As the article in JAMA stated, ..."American medicine must
realize where it stands in its fundamental premises. There can be
no doubt that in a subtle way the Hegelian premise of "what is
useful is right" has infected society, including the medical
portion. Physicians must return to the older premises, which were
the emotional foundation and driving force of an amazingly
successful quest to increase powers of healing and which are bound
to carry them still farther if they are not held down to earth by
the pernicious attitudes of an overdone practical realism."

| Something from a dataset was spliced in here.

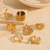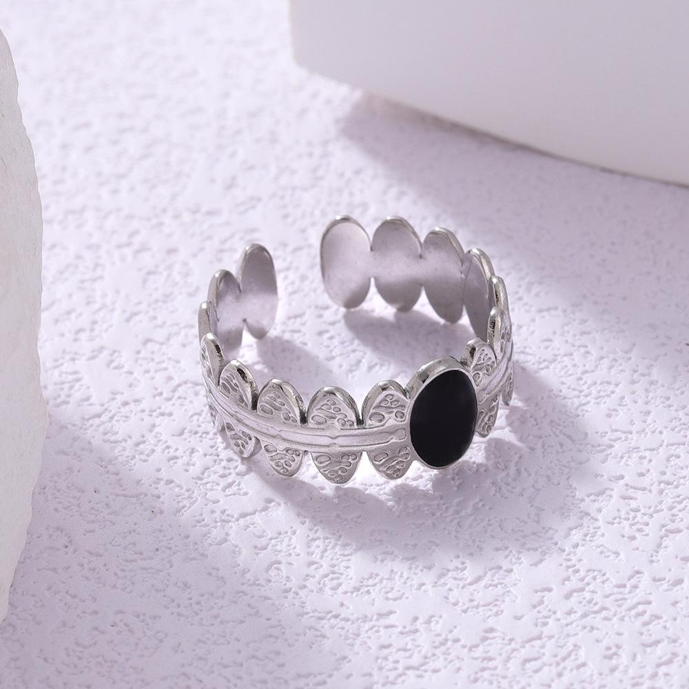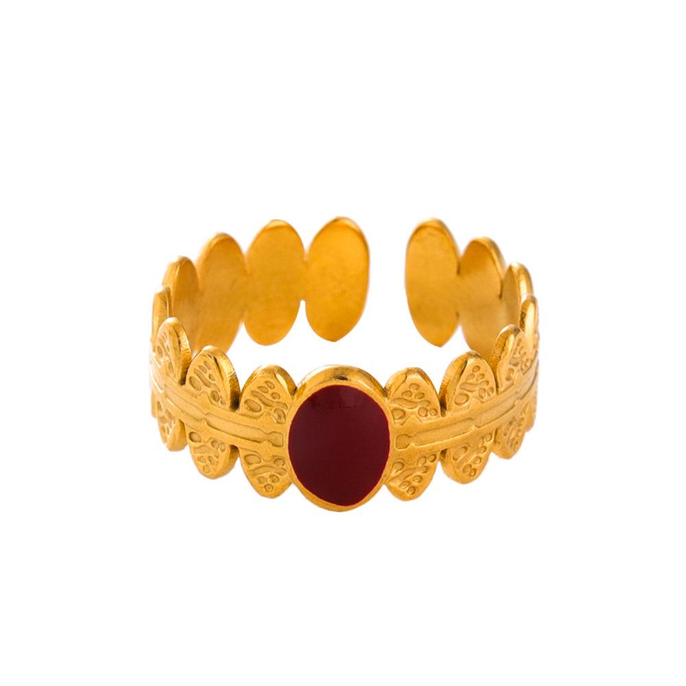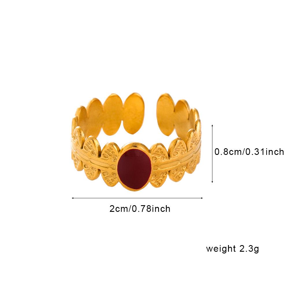 Anillo abierto de acero de titanio con diseño de hoja retro de lujo francés ligero para mujer, chapado en oro de 18 quilates, temperamento Joker, anillo de acero inoxidable al por mayor

As you know too well, the attitude of many of our colleagues
is: "It is useless. There are too few of us with the will to
resist."
Well, resistance movements are generally never large. There
are very potent obstacles in the way of a large scale, concerted
physician rebellion against governmental control, especially vis a
vis Medicare: threats of civil and criminal penalties - for
example, fines of up to $10,000 a day for not completing certain
paperwork requirements. The government is quite an intimidating
opponent. Additionally, there is no question that doctors are
constantly in jeopardy of a severe public backlash at the merest
mention of the word "fees." (Any doctor realizes that "fee" is
really a four-letter word.) Knowing this, it is particularly
clever of the government to force physicians to ration care by
means of fee constraints. Our government is quite cognizant of how
difficult it is for doctors to win any points if this subject is
debated, and we realize that private contracts are of paramount
importance to the physician-patient relationship. Ironically,
while our government pompously declares health care a "Right" it
attempts to forbid Medicare patients from purchasing this "Right"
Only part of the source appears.